A vote on the Medicare package was to take place later in the day. However, House leaders announced that the Medicare vote would be delayed for two days until a new House package would be added to a bill providing relief from the Alternative Minimum Tax (AMT). But when the morning of December 12, 2007 arrived, the Medicare package was no longer going to be part of the AMT bill. It then appeared that the House would consider its own version of Medicare reform as a free-standing bill and the measure would be brought to the House floor for a vote on Wednesday, December 13, 2007. Then, Wednesday night, the House Leadership announced that a vote on the Medicare package would take place the week of December 17, 2007, the last week that Congress was in session before recessing for the Holidays and for the end of the first session. On December 13, 2007, Speaker Nancy Pelosi (D-CA) said, “The House will not be originating a Medicare bill.” This left it up the Senate to go first.
Where are we now in the legislative process?
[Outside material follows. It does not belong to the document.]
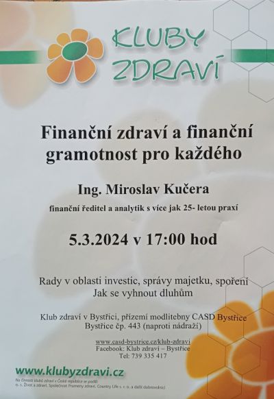 Klub zdraví Bystřice vás zve na přednášku Finanční zdraví a finanční gramotnost pro každého.
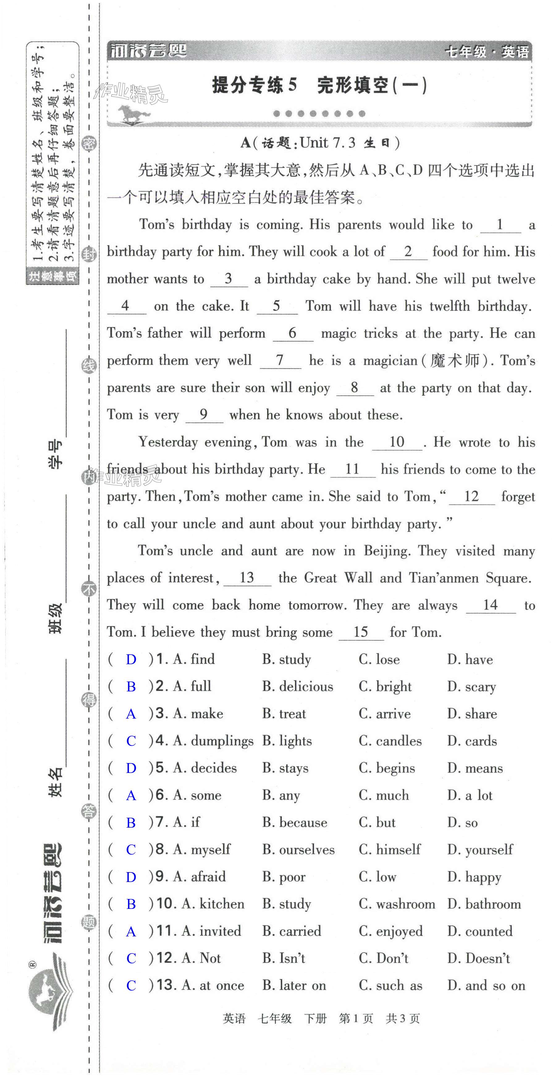 注:目前有些书本章节名称可能整理的还不是很完善,但都是按照顺序排列的,请同学们按照顺序仔细查找。练习册 2024年期末考试必刷卷七年级英语下册仁爱版河南专版 答案主要是用来给同学们做完题方便对答案用的,请勿直接抄袭。

The ESRD provisions in the House-passed Children’s Health and Medicare Protection Act (CHAMP) were not included in the Medicare package that was ultimately approved by the Senate and House and signed into law by the President. Nor did the legislation include an update in the composite rate for this year. What Congress did was delay the scheduled 10 percent reduction in physician reimbursement until June 30, 2008 and extend a number of other primarily rural-based provisions for the same period of time. It also reauthorized through March 2009 and provided additional funding for the Children’s Health Insurance Program.
By only delaying for six months the reduction in physician reimbursement, Congress virtually guaranteed that another Medicare bill will be considered during the spring of this year. Democratic leaders in the House are taking the position that the Medicare package that was passed last summer as part of the CHAMP Act is still pending, leaving it up to the Senate to produce a Medicare bill. The bottom line is that the current ESRD program will again be debated in Congress this year and that major reform may only be a few months away.
“Future of the Medicare Package Unclear” is published in Dialysis and Transplantation News, Volume 37, Issue 2, Wiley InterScience, February 2008.